The Earth’s core, 4,000 miles below the surface, can reach temperatures of 9000° F. This heat—geothermal energy—flows outward from the core, heating the surrounding area, which can form underground reservoirs of hot water and steam. These reservoirs can be tapped for a variety of uses, such as to generate electricity or heat buildings. By using geothermal heat pumps (GHPs), we can even take advantage of the shallow ground’s stable temperature for heating and cooling buildings. The geothermal energy potential in the uppermost 6 miles of the Earth’s crust amounts to 50,000 times the energy of all oil and gas resources in the world.
Geothermal power plants access the underground steam or hot water from wells drilled a mile or more into the earth. The steam or hot water is piped up from the well to drive a conventional steam turbine, which powers an electric generator.

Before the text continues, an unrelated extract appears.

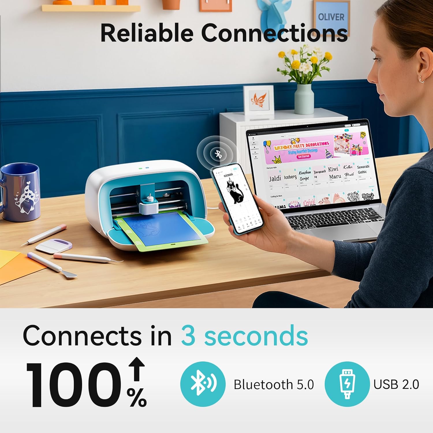 - Stable, Reliable Connectivity: With Bluetooth 5.0 and USB 2.0 options, Likcut smart cutter machine connect in just 3 seconds. Enjoy uninterrupted creativity without worrying about wireless interference or connection drops
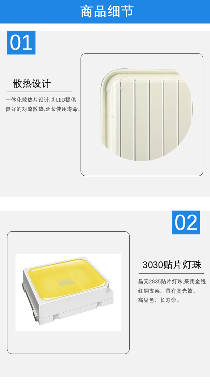 3.晶元2835貼片燈珠,采用金線紅銅支架。具有高光效、高顯色、長壽命。

This is essentially the same as hydroelectricity, however it instead uses the predictable movements of the tides to move turbines and paddles to produce electricity.
The sun is basically an infinite source of energy, so it makes sense to use it to produce electricity. Solar electricity or photovoltaic (PV) technology converts sunlight directly into electricity. Although many types of solar electric systems are available today, they all consist of basically three main items: modules that convert sunlight into electricity; inverters that convert that electricity into alternating current so it can be used by most household appliances; and possibly or sometimes batteries that store excess electricity produced by the system.
Wind energy (the movement of air currents) is harnessed using wind turbines which spin around a central hub and a shaft which spins a generator to produce electricity.